What makes satellites and their associated land-based infrastructure more vulnerable is that the data they transmit can be easily accessed by anyone on Earth with $300 worth of TV reception equipment, allowing you to eavesdrop on unencrypted financial data or download information from Russian and American weather satellites in real time. A nefarious actor with its own satellite could even cause interference or block the signal from these orbiting stations. But among the scariest of scenarios would be for an adversary to break into the control systems of a satellite, redirect its movement or even crash it into another satellite or the planet.
That may have already happened. According to one account, a breach at the Goddard Space Flight Center in Washington, DC, in 1998 led to a US-German satellite called ROSAT being overtaken and turned toward the sun, damaging the ultraviolet filter on its image sensors. This allegation has been denied, yet whether real or apocryphal the incident (the filter was indeed destroyed by the sun) shows the challenges of repairing hardware 580 kilometers above the Earth’s surface or even investigating the cause of the malfunction.
The US government has woken up to the threat and now takes a much more proactive role in tackling space security. NIST has drafted a set of guidelines for securing space operations, while the Air Force, Space Force and Defense Digital Service last year invited teams from around the world to come “hack a sat” as a way of showing off their skills and demonstrating where the US military may be vulnerable.
Their final task was to regain access to a hacked real satellite (sitting safely on Earth) and restore operations. The winning team included staff from Raytheon Intelligence & Space, the cyber division of aerospace and defense supplier Raytheon Technologies Corp.
But space risk isn’t limited to military or government systems. The advent of commercial operators such as Elon Musk’s SpaceX, Blue Origin, and Orbital Sciences Corp. (acquired by Northrop Grumman Innovation Systems in 2018), the entry of more nations into the space race -- including China and India -- and the development of lighter, cheaper satellites means the number of objects flying overhead will continue to rise.
In fact, half of the more than 4,000 operational satellites are for commercial rather than government or military use, and 94 percent of those launched last year were categorized as small, meaning less than 600 kilograms. One likely trend is for companies to deploy satellites for their own use as part of a global virtual private network, allowing them to bypass telecom operators and even government curbs.

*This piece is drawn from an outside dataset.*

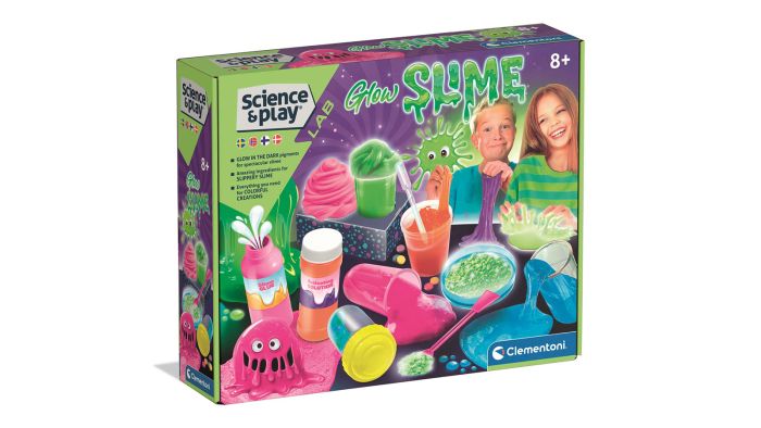 Glow Slime fra Clementoni er en sjov og farverig oplevelse, hvor du kan ælte, trække og forme slim, der lyser i mørket! Dette sæt gør almindelig slim til et magisk glødende univers – perfekt til leg på værelset, science-forsøg eller små kreative eksperimenter med farve og konsistens.
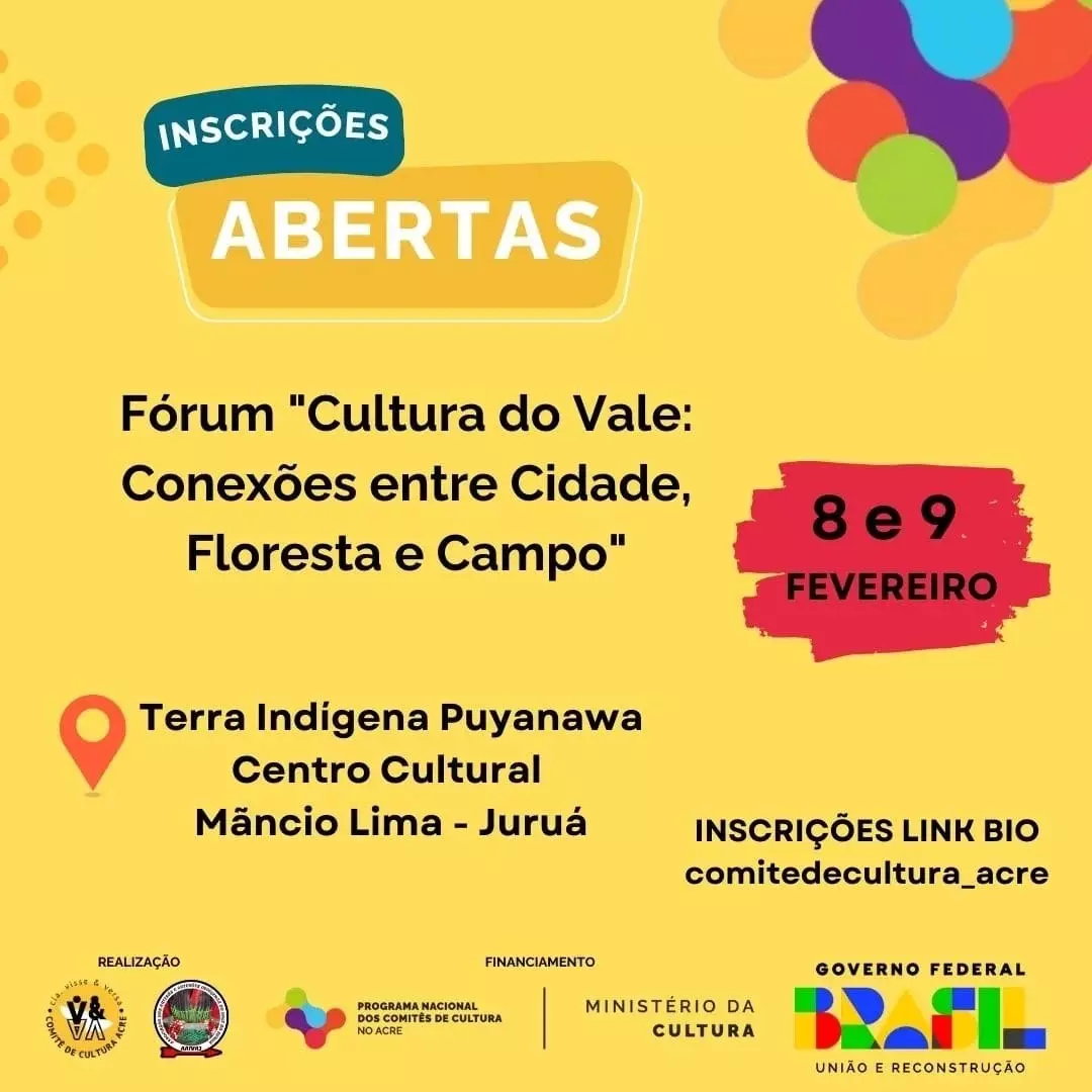 Com o tema “Unindo vozes e territórios pela cultura e preservação no Juruá”, o fórum reunirá representantes das comunidades indígenas, urbanas e rurais, fortalecendo os laços entre diferentes territórios e promovendo um espaço de troca de experiências.

And just as a greater number of internet-connected computers increased the number of hacks on land, so too comes the inevitability that more networks in orbit will be breached either directly or through the ground stations used to track and communicate with them.

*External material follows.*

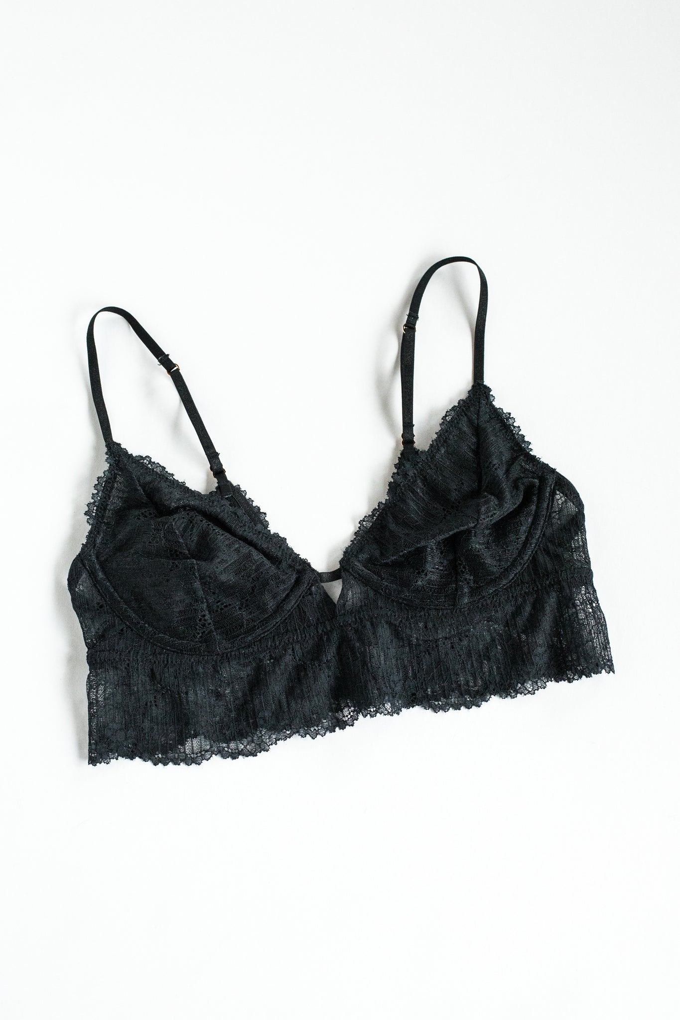 Oh so sweet black lacy bra with underwire cups, adjustable straps and hook closure.

“What that’s going to mean is a proliferation of cybertech to protect those networks,” Chuck Beames, chairman of York Space Systems, told the NIST conference. While companies will rush to cash in on this new gold rush in space, 30 years of internet history shows us that businesses and governments may not truly take security seriously until a massive hack occurs and satellites are breached or lost.

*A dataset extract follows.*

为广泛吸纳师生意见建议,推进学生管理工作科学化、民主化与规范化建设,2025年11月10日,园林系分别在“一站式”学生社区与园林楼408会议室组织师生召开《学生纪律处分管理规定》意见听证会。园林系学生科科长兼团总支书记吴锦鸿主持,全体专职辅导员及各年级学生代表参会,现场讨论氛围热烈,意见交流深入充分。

Beames, a former space and intelligence officer in the US Air Force, likens the current rapid pace of growth in the satellites industry to the US program that landed the first humans on the moon. “At least in the Apollo era we knew we were going to the moon,” he said. “Here, we really don’t know; here it is more of a wild, wild west than ever.”
Tim Culpan
Tim Culpan is a Bloomberg Opinion columnist covering technology. He previously covered technology for Bloomberg News. -- Ed.